Richard M. Barancik, the last living member of the Monuments Men and Women of the Second World War—an international group of roughly 350 people who worked together during and after the war to protect and recover European artworks and artefacts that were looted by Nazi soldiers or otherwise in danger of destruction—has died. Barancik died in hospital in Chicago on 14 July, and his death has been confirmed by his daughter Jill. He was 98 years old.
Barancik was born in Chicago on 19 October 1924. He enlisted in the military at 17, and began studying engineering at the University of Nebraska for a brief period before relocating to Europe to join in the war effort. “I must confess I was a terrible student in high school. But I spent my time reading and I was always interested in art and drawing,” he recalled in an interview published just last year. “In contrast, my time studying engineering was well-spent because I found something I truly liked and had a natural ability at it. And that’s when I got serious about my studies. Sadly, my time at the University of Nebraska was cut short when we were called to active duty before graduation because, at that time, Hitler was making his final push and the US Army was short of infantry replacements.”
An army private first class, Barancik was stationed in England in 1944. On Christmas Eve of that year, he was aboard a ship crossing the English Channel into France and toward the Battle of the Bulge when an accompanying ship, the SS Léopoldville, was sunk by German torpedoes, killing at least 800 US troops, and Barancik’s ship was diverted as a result. After Germany’s surrender, Barancik was sent to Austria, where he first learned of the Allied armies’ Monuments, Fine Arts and Archives programme, also called the Monuments Men and Women. “When I arrived in Salzburg, I was not only overwhelmed by the beauty of the town but the quality of the men in the Fine Arts Section. They were typically older and very well educated in the Fine Arts,” he said in the same interview.
Barancik promptly volunteered for the Monuments Men, working for three months as a driver and guard. He helped reallocate art and artefacts to the Wiesbaden Central Collecting Point, one of two main collection points used by the group. He also served as a guard at the Austrian salt mines, in which roughly 6,500 works of Nazi-looted art were stored.
Much of the work that Barancik helped transport and safeguard was held in sealed crates at the time, so he was unable to see a great deal of what he was protecting. “Someone might have said, ‘There’s a Vermeer in there,’ and he knew the art was important or valuable,” Robert M. Edsel, founder and chair of the Monuments Men and Women Foundation and author of the book The Monuments Men: Allied Heroes, Nazi Thieves, and the Greatest Treasure Hunt in History, told The New York Times. (The book was turned into a movie in 2014, directed by and starring George Clooney.)
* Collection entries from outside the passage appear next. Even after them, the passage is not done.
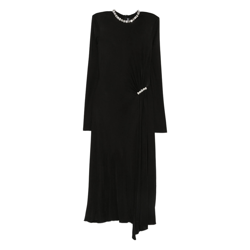 black crystal embellishment neckline long sleeves asymmetric hem draped detail side-placed crystal embellishment
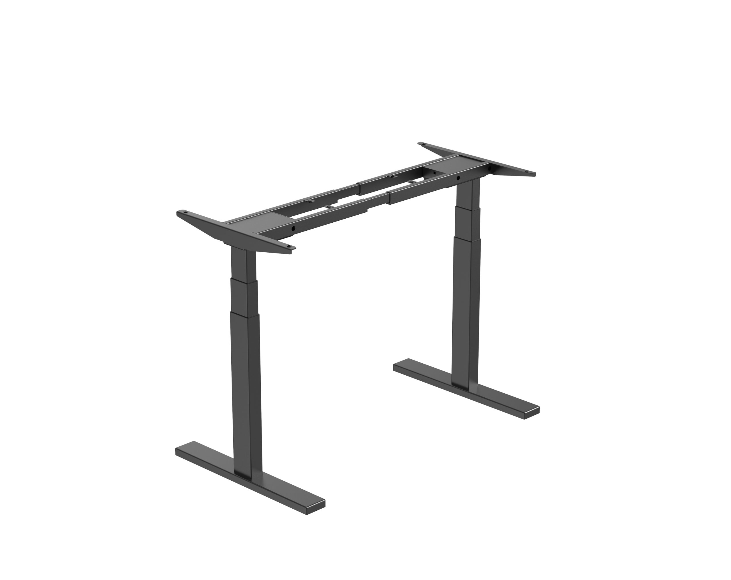 У данной модели 2 независимых мотора в каждой из опор. В базовой комплектации присутствует сенсорный пульт запоминания высоты на 2 положения. Каждая опора стола состоит из 3-ех сегментов. По высоте механизм стола регулируется от 62 до 128 см., и раздвигается по длине в диапазоне от 100см до 150 см. Рама стола выдерживает нагрузку до 125 кг. Модель включает в себя защитные режимы: система защиты от зажима при опускании и поднятии стола, защита от перегрузки.
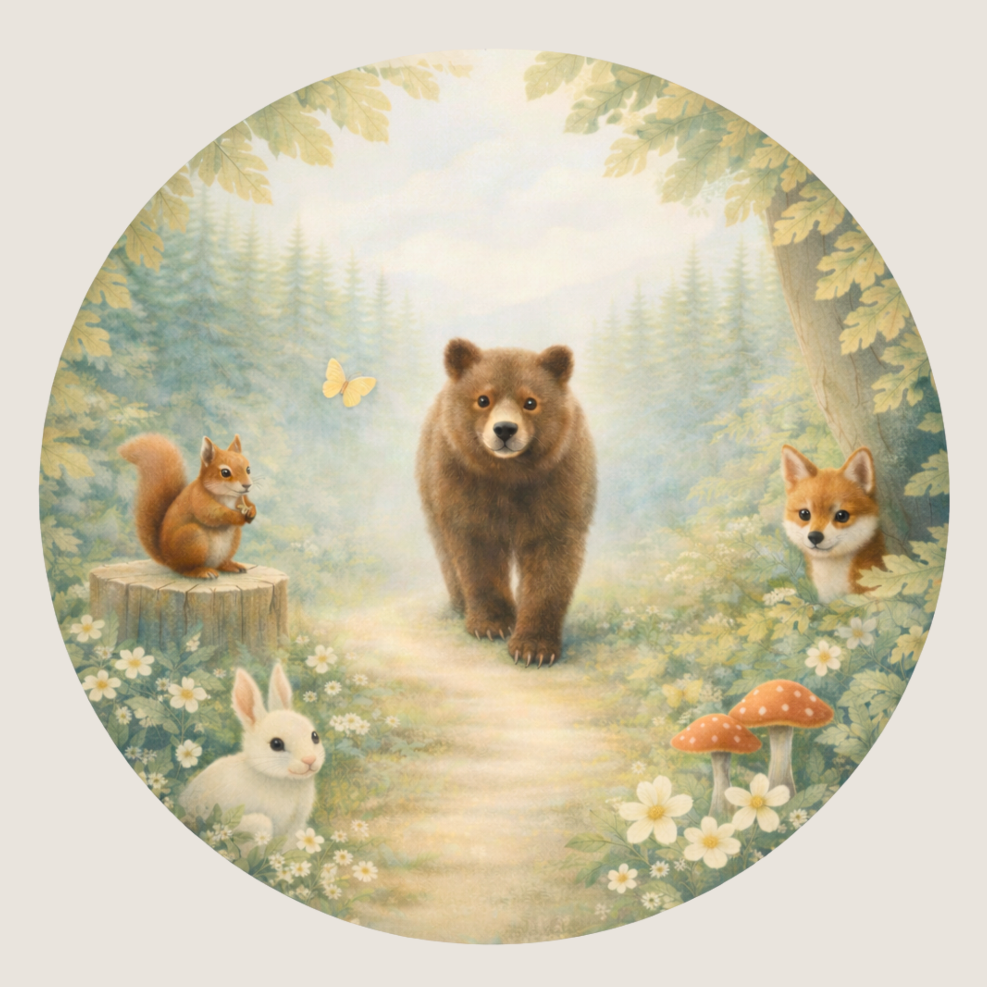Een sfeervolle, ronde muursticker met een zachte illustratie van bosdieren. De beer staat centraal, omringd door andere bosdieren en natuurlijke elementen. Een rustig en warm beeld dat perfect past in de baby- of kinderkamer.

After his time as a Monuments Man, Barancik began his studies toward what would become a lifelong career as an architect. He remained abroad at the University of Cambridge and École des Beaux-Arts in Paris before returning to the US to complete his degree at the University of Illinois Urbana-Champaign. He opened the architecture firm Barancik, Conte & Associates in 1950, and continued working in the field until his retirement in 1993.
In 2015, Barancik and three other members of the Monuments Men and Women travelled to Washington, DC to receive the Congressional Gold Medal, the highest award that can be given to a civilian. “The Americans cared about the cultural traditions of Europe,” he told the Los Angeles Times on the occasion of the medal ceremony. “We did everything we could to salvage what the Nazis had done. It’s the best we could do.”
His daughter Jill told The New York Times that Barancik “was very embarrassed at the attention” that ensued after he received the Congressional Gold Medal. “He didn’t feel like a hero,” she said. “He said, ‘I was a kid, I was there for three months. It’s wrong for me to take credit.’ But I’d tell him, ‘You were a witness, you're representing the people who aren’t with us anymore.’” She added that a positive effect of the reinvigorated attention were the innumerable correspondences Barancik would receive. “He’d get fan mail and, once a week, an autograph request,” his daughter said. “He’d get sensitive letters from people, lots of them from schoolchildren, which kept the conversation going.”